Viola Davis recently said this when commenting on her goals as an actor. It struck me because that is exactly why I decided to participate in Goshen Monologues.
This past Saturday, a group of women, including myself, stood on stage at College Mennonite Church and shared stories of violence, abuse, pain and joy of the women and nonbinary people of this community.
I’ve had many different experiences with Goshen Monologues. Its first year was also my first year at college, and I sat in Umble Center surrounded by more people than I thought could possibly fit. That night, I watched as my friends shared stories that surprised me, shocked me and more often than not connected with me and brought me to tears.
The second year, I had the out-of-body experience of watching my story of pain be spoken on stage by three close friends. It shook me to my core and helped me heal. I’ll forever be grateful for the experience Monologues provided me.

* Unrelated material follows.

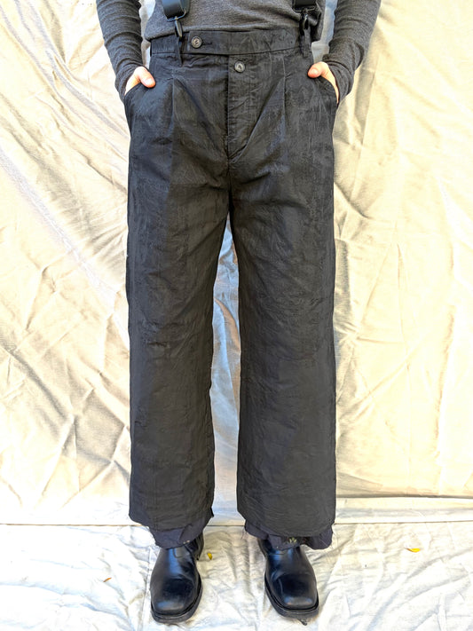 FW25 ||CLASSIC PLEATED GODDE PANTS|| COTTON || CHARCOAL COATED BLACK
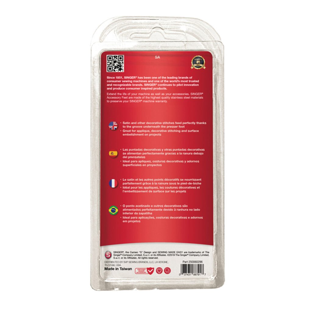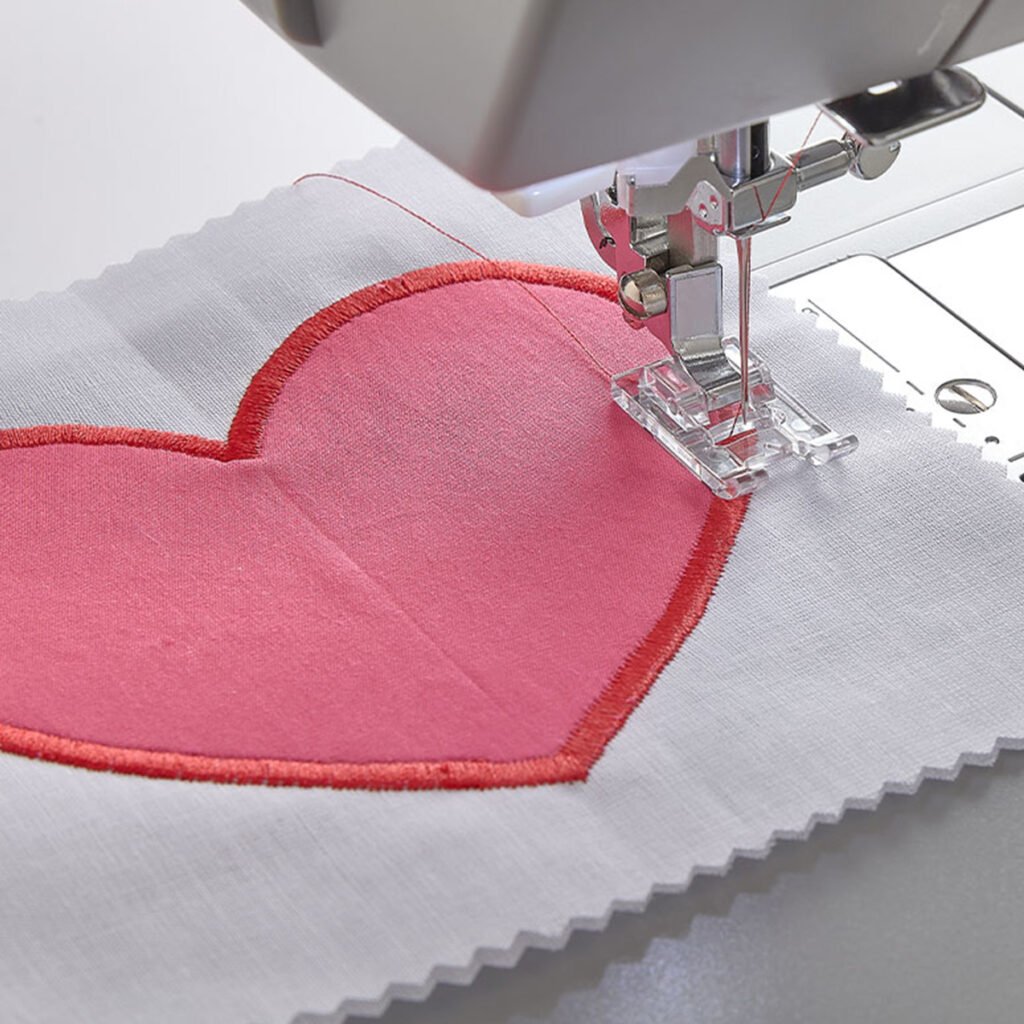 Las puntadas decorativas se alimentan perfectamente gracias a la ranura debajo del prensatelas.

My third year I was studying in Spain, so I couldn’t attend, but heard from close friends how powerful and difficult the process and performance was.
This year, my final year, was different. Even though I was participating for the first time, it was so much less about me. All my time, energy and thoughts were about the pieces themselves, the words I was speaking and the meaning behind them.
Despite the amount I practiced, nothing could prepare me for the experience of sharing someone’s thoughts, feelings and experiences on stage in front of an audience made up of members of this community.
As I left the stage, I was overcome with emotion. During my four years at college, I had gone from hearing myself, to sharing myself, to finally using myself as a vehicle for these pieces. Along the way, I shed my own ignorance through first listening, sharing and then performing.
Ignorance is not bliss. Ignorance blinds our perceiving eyes from the truths and realities of our world and the people around us. It divides us and prevents new relationships from forming, impeding our sense of community.
So I ask you, how can we truly call ourselves global citizens on this campus if we aren’t aware of the people in our own community, of the truths they hold and the stories they have to share?
But awareness is only one step. We have to listen with compassion, listen to learn and understand.